→ Task description: Print all of the data exactly, but drop the pictures.

→ Exercise data:
══════
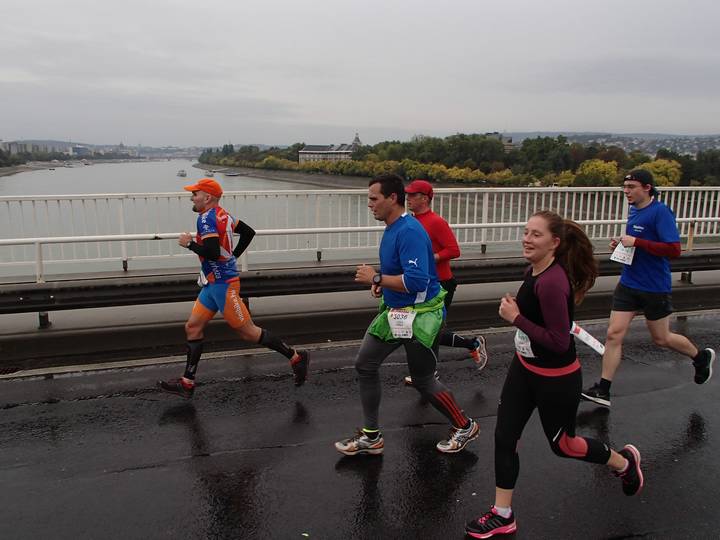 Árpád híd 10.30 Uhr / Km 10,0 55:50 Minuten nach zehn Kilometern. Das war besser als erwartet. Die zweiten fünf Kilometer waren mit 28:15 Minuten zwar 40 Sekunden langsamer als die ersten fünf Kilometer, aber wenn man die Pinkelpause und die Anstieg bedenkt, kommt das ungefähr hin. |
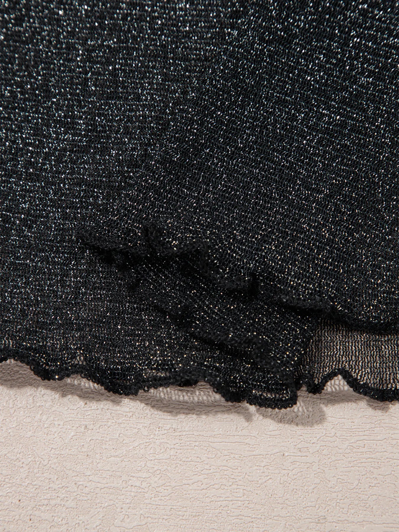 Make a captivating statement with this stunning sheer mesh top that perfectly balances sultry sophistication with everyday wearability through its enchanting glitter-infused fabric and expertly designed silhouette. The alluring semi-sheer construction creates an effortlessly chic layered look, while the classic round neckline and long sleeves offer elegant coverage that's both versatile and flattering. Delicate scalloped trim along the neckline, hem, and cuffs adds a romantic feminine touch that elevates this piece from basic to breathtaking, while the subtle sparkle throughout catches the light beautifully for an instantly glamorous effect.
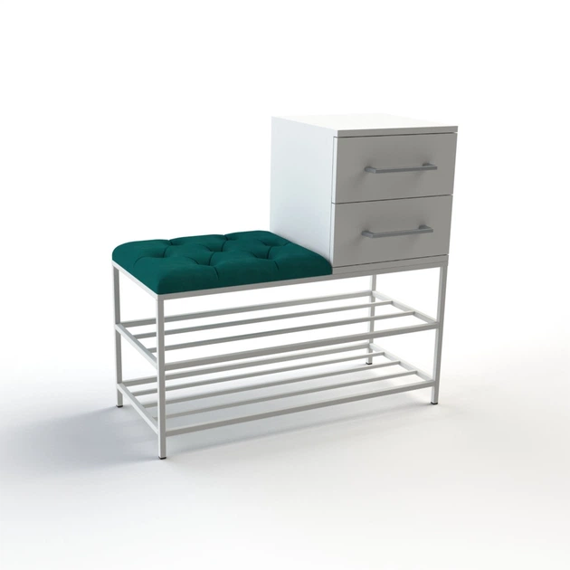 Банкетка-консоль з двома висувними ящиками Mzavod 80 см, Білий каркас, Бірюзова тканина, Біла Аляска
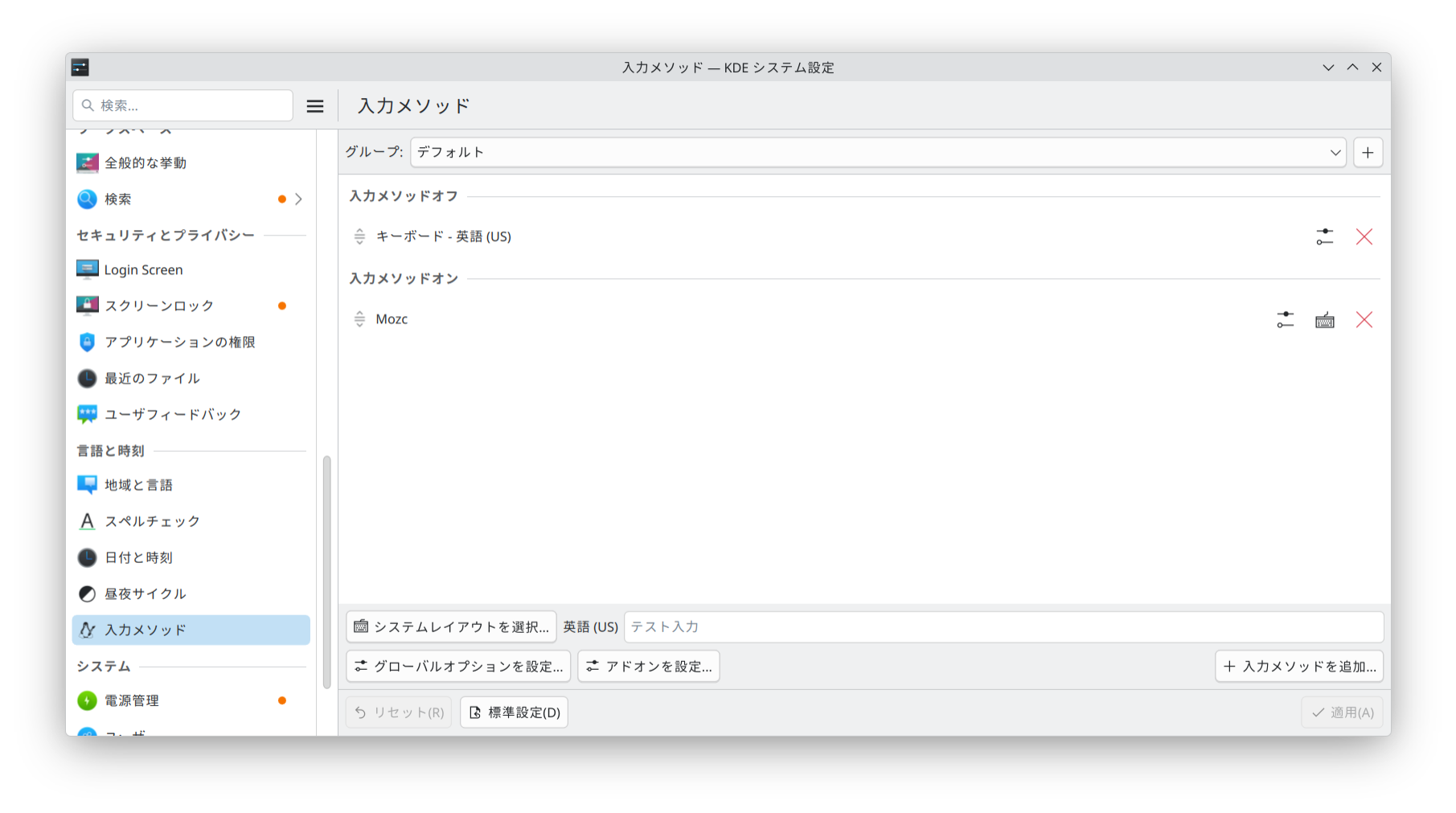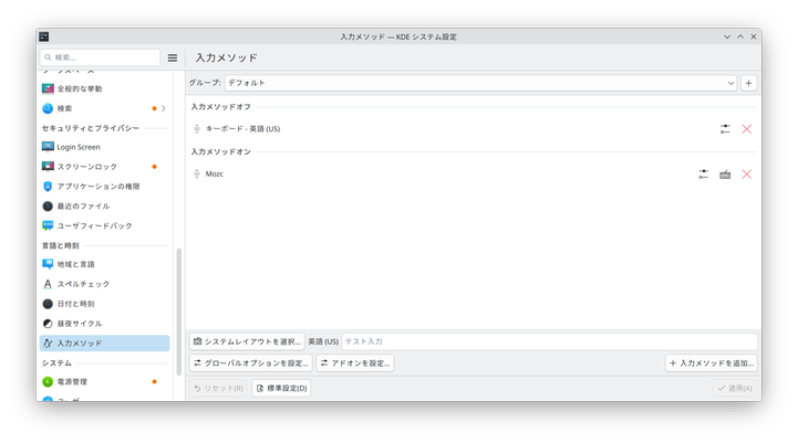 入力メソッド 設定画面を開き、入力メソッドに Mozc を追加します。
══════
→ Exercise result:
 Árpád híd 10.30 Uhr / Km 10,0 55:50 Minuten nach zehn Kilometern. Das war besser als erwartet. Die zweiten fünf Kilometer waren mit 28:15 Minuten zwar 40 Sekunden langsamer als die ersten fünf Kilometer, aber wenn man die Pinkelpause und die Anstieg bedenkt, kommt das ungefähr hin. |
 Make a captivating statement with this stunning sheer mesh top that perfectly balances sultry sophistication with everyday wearability through its enchanting glitter-infused fabric and expertly designed silhouette. The alluring semi-sheer construction creates an effortlessly chic layered look, while the classic round neckline and long sleeves offer elegant coverage that's both versatile and flattering. Delicate scalloped trim along the neckline, hem, and cuffs adds a romantic feminine touch that elevates this piece from basic to breathtaking, while the subtle sparkle throughout catches the light beautifully for an instantly glamorous effect.
 Банкетка-консоль з двома висувними ящиками Mzavod 80 см, Білий каркас, Бірюзова тканина, Біла Аляска
 入力メソッド 設定画面を開き、入力メソッドに Mozc を追加します。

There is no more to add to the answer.